EJ Obiena vies for historic podium finish at World Championships

EJ Obiena wins another pole vault gold in the SEA Games. SEA GAMES POOL PHOTO

FILE–Filipino pole vaulter EJ Obiena. CONTRIBUTED PHOTOS

MANILA, Philippines–For the Philippines, a single entry could be enough to land a historic medal in the 2022 World Athletics Championships.

While all 83 countries are set to bring most, if not all, of their finest tracksters to the Eugene, Oregon meet this weekend, pole vaulter EJ Obiena will be the lone Filipino entry on the grandest stage in global track and field.

But it will certainly not hamper the thrust of the 6-foot-2 Tokyo Olympian to clamber onto the medal podium of his event, being the No. 4-ranked men’s vaulter in this year’s world outdoor list.

A definite medal contender, Obiena’s 5.92-meter effort in the current outdoor ranking could propel Team Philippines to its first-ever podium finish in the worlds scheduled July 15-24.
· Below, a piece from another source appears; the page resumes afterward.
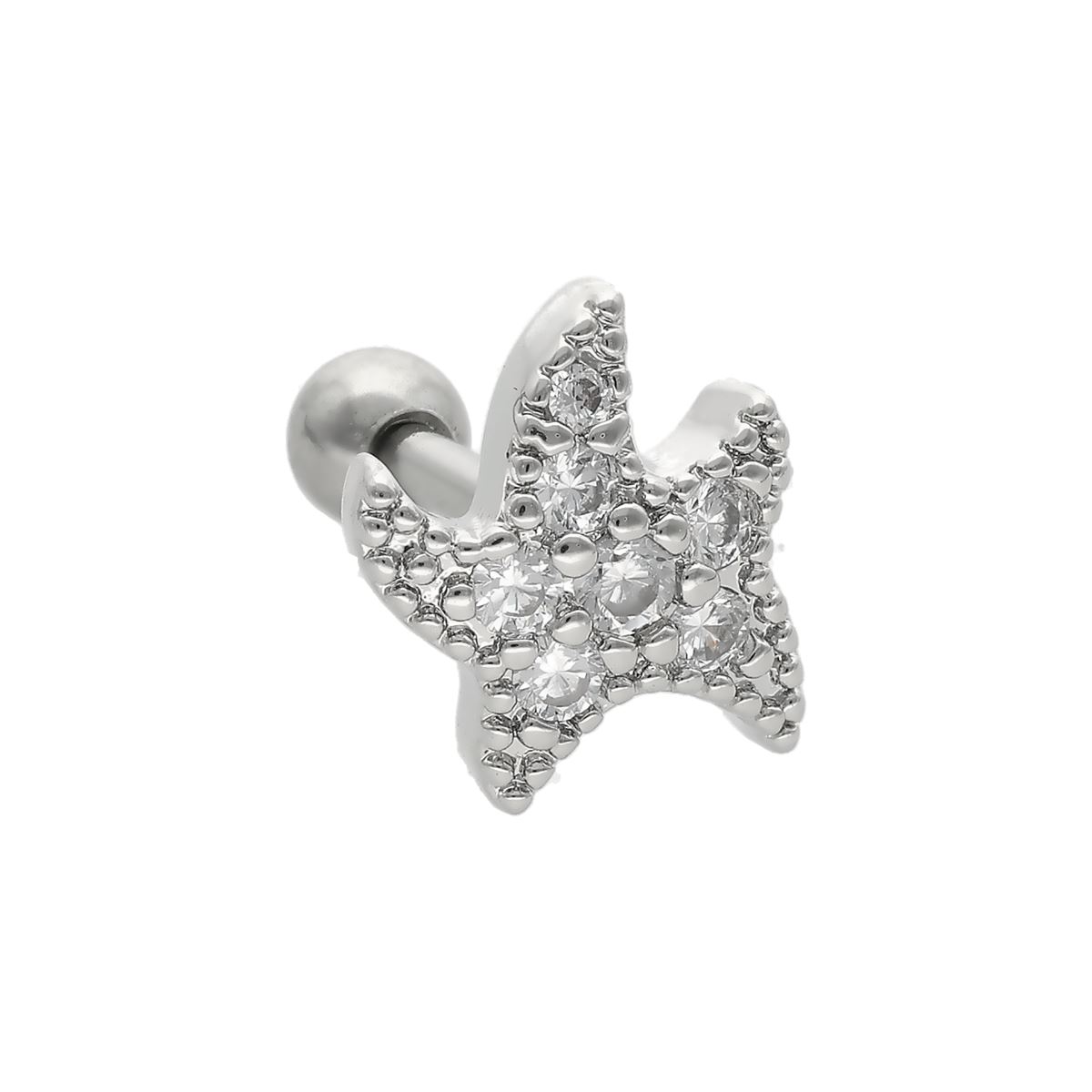 Helix/tragus piercing in surgical steel with a starfish and covered with white crystals

The biennial world championship organized by World Athletics is the highest level of competition in senior international outdoor track and field alongside the Olympic Games.

“Keep jumping, keep improving. With God’s grace and determination, we’ll soon reach our goal,’’ Obiena posted on his Facebook account after winning two of his last three outdoor contests in a week’s span prior to his US trip.
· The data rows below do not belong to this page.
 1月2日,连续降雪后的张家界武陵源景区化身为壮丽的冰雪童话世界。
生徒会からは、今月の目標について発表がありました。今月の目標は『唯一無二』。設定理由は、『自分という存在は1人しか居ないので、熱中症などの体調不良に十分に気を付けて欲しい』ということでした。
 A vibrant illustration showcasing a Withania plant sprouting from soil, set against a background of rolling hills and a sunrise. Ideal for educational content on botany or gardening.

The Asian record holder who cleared 5.93m in Innsbruck, Austria on September 11 last year ruled the Taby Stavhoppsgala in Sweden and defended his title in the Jump and Fly in Hechingen, Germany, capping his world championships preparation.
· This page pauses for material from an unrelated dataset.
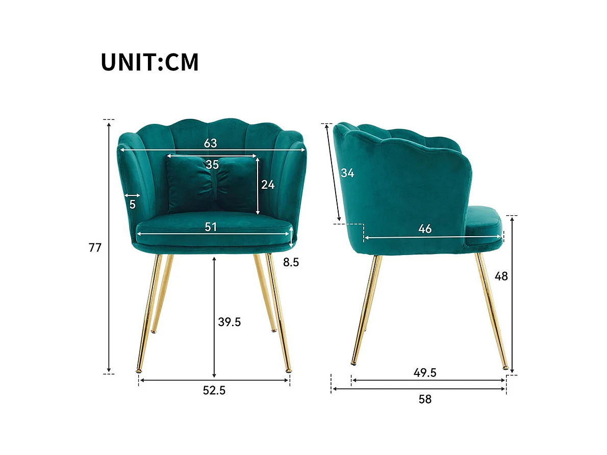 Chaise design en velours vert avec piètement doré et noir Amapola

Obiena, named recently as an Outstanding Manilan in the field of sports, also struck gold in the European City of Sports in L’Aquila, Italy at the start of his outdoor campaign two months ago.

The evident wrinkle, however, was Obiena’s sixth finish in the recent Diamond League where his toughest rivals were present and ruled by world champion Mondo Duplantis before his countrymen in Stockholm, Sweden.

Duplantis is the reigning Olympic champion and world record holder of 6.16 meters.

Obiena will find himself alone in the coming worlds after Filipino-American hurdler Eric Cray wasn’t able to meet the cut in the men’s 400m hurdles.

Cray, still indisputable in his pet event for five Southeast Asian Games in a row, compiled 1175 points and ranked 43rd among 400 hurdlers in the World Athletics point system where only the top 40 earned the right to book a trip to Oregon.

Cray, who raced for the nation in the 2013, 2015 and 2017 world championships, is looking forward to making it to the 2024 Paris Olympics.